- Associated Press - Wednesday, March 15, 2017

Recent editorials from Florida newspapers:


March 15

The Palm Beach Post on government transparency in Florida:

There are somewhere close to 1,120 exemptions to Florida’s Open Records laws, according to the First Amendment Foundation (FAF). And each year, the Florida Legislature seeks to add more.

On March 6, the day before the formal opening of this year’s legislative session, the Senate Community Affairs Committee approved CS/SB 80, giving judges some discretion over whether to award attorney fees in public records lawsuits.

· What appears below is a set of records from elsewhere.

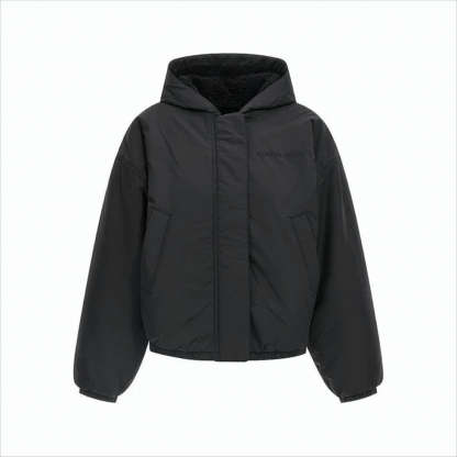 Dual-Texture Black Jacket With Hood And Concealed Zipper
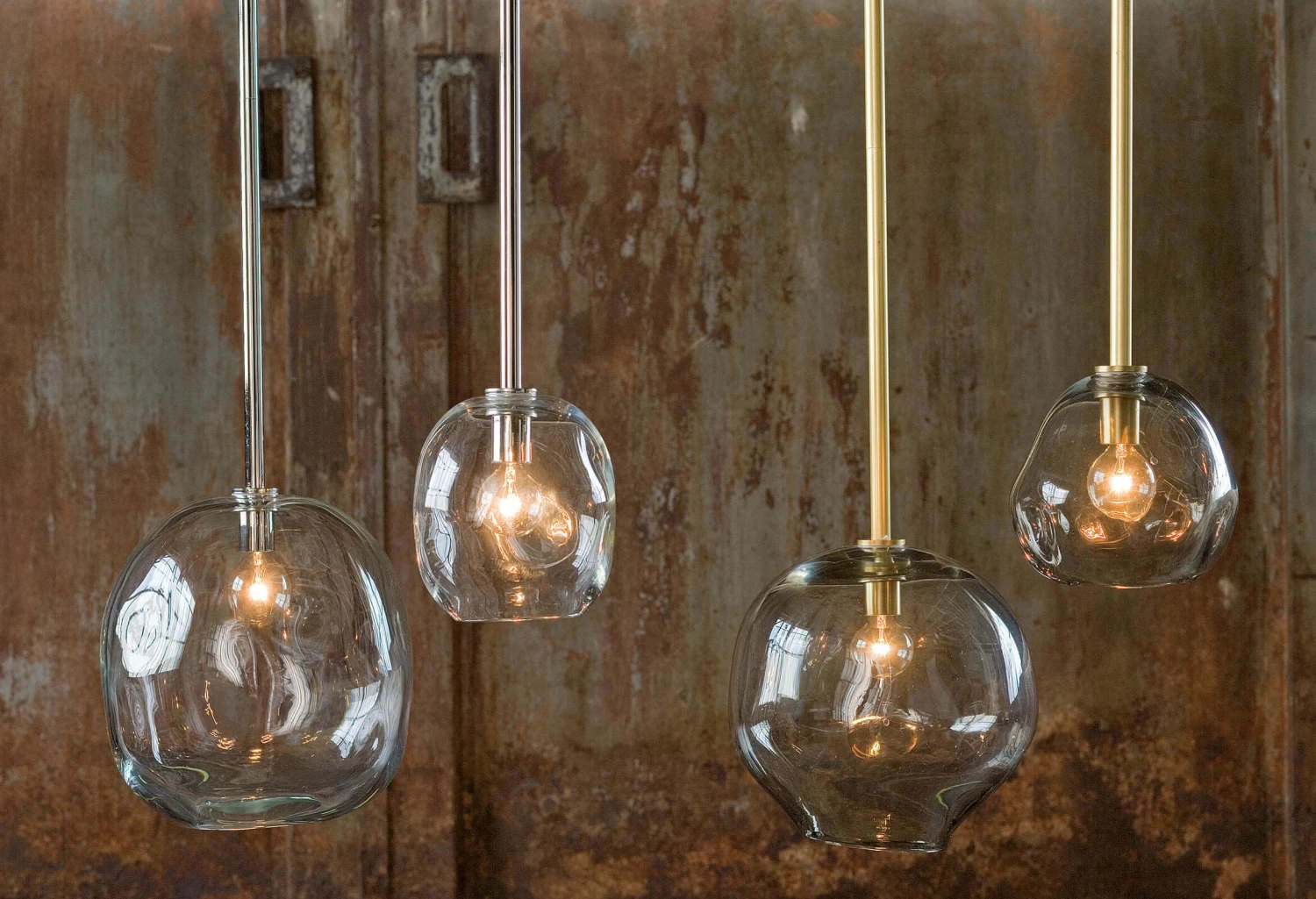 The Molten Pendant is an eye catching organic form that is suspended from a metal rod. The molten glass has an inherent beauty of variation in texture and size in this stunning modern piece. Available with Smoke glass/Natural Brass finish. CSA and UL listed.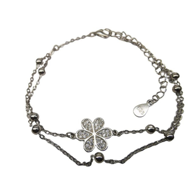 Двойна гривна, изработена от сребро 925, цвете и топчета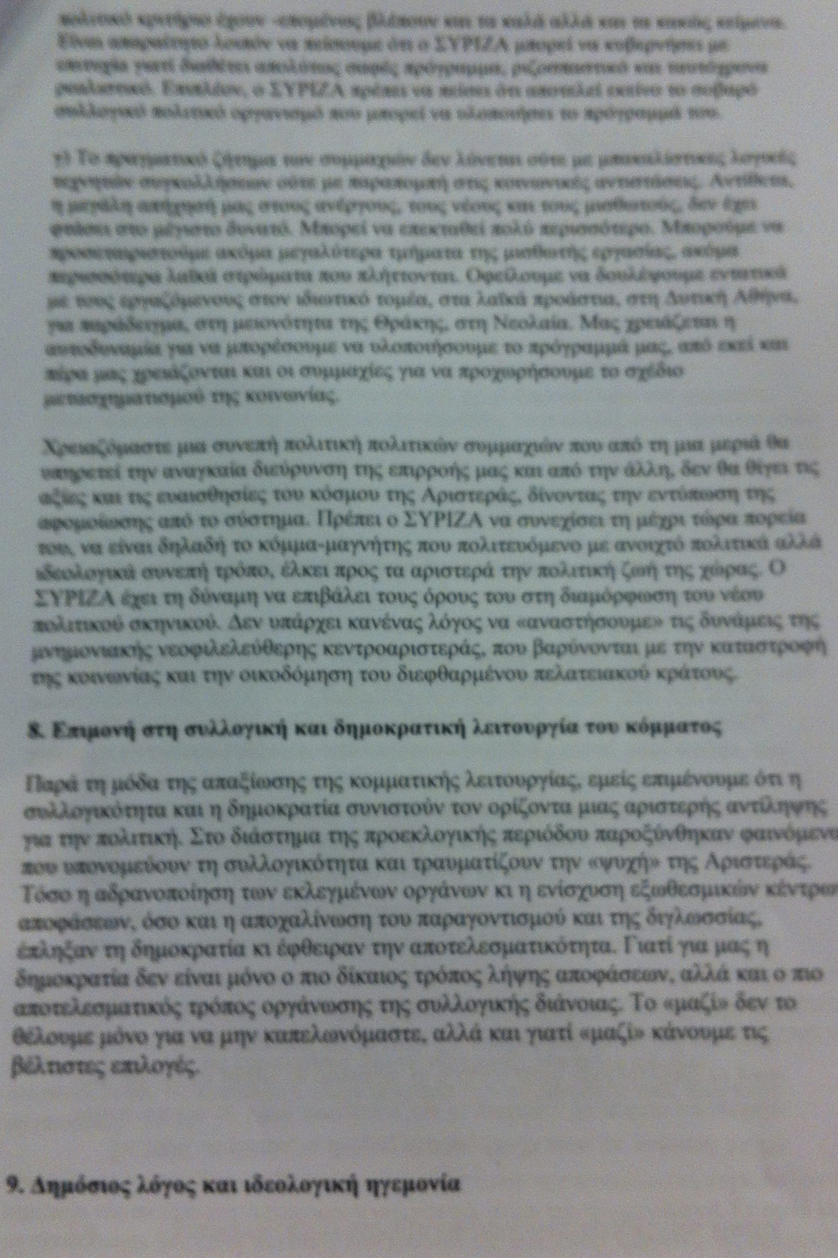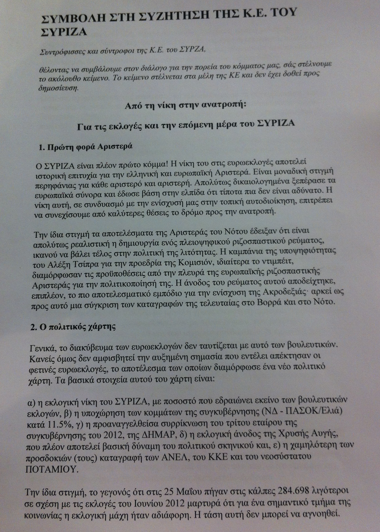 «Στο διάστημα της προεκλογικής περιόδου παροξύνθηκαν φαινόμενα που υπονομεύουν τη συλλογικότητα και τραυματίζουν την “ψυχή” της Αριστεράς. Τόσο η αδρανοποίηση των εκλεγμένων οργάνων κι η ενίσχυση εξωθεσμικών κέντρων αποφάσεων, όσο και η αποχαλίνωση του παραγοντισμού και της διγλωσσίας, έπληξαν τη δημοκρατία κι έφθειραν την αποτελεσματικότητα», αναφέρεται μεταξύ άλλων στο κείμενο.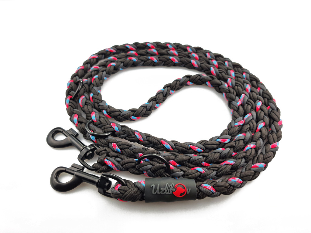 Vodítko paracord 220 cm přepínací KLASIK NEON BLACK modrorůžové pro psy do cca 40 kg | klasické černé karabiny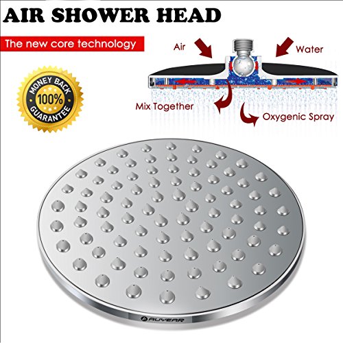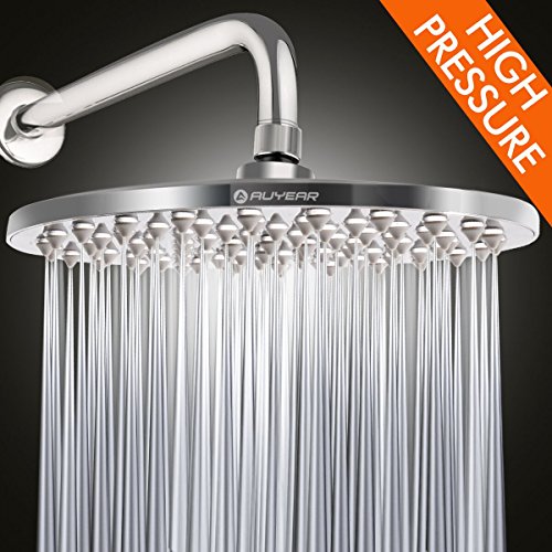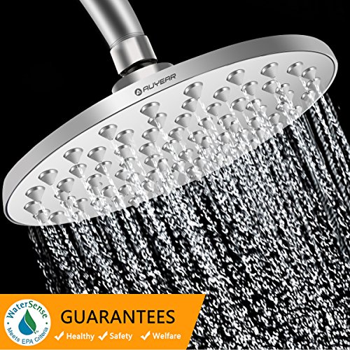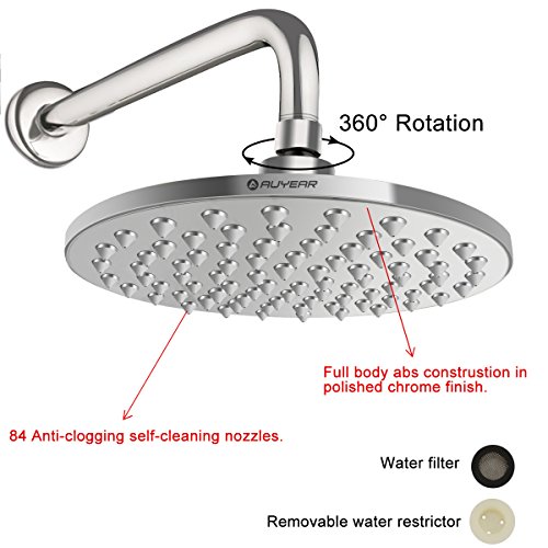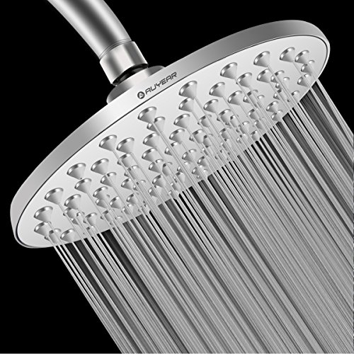 Shower Head, Auyear Fixed Showerhead Rainfall High Pressure Luxury 8'' Chrome Finish Overhead Shower Head Perfect for Bath, Self-Cleaning Silicone Nozzles, Adjustable Ball Jiont, Easy To Install

The idea is to shut down what the bill’s sponsor, Sen. Greg Steube, R-Sarasota, calls a “cottage industry” of folks abusing current law by bombarding local governments with records requests as a strategy to file lawsuits and receive attorney fees or settlements.

Nice try. But thanks to the FAF, the Tallahassee watchdog on Sunshine Law issues, the bill got some much-needed tweaking before Tuesday’s hearing before Steube’s Senate Judiciary Committee.

We agree that there are problems with predatory or excessive public records requests. We understand the urge to put a stop to them. But there can’t be financial barriers to citizens pursuing legitimate public records cases. And many would be reluctant to file lawsuits if they are not assured of recouping legal fees when they win.

How is this better for taxpaying citizens who want more accountability from their local governments and officials?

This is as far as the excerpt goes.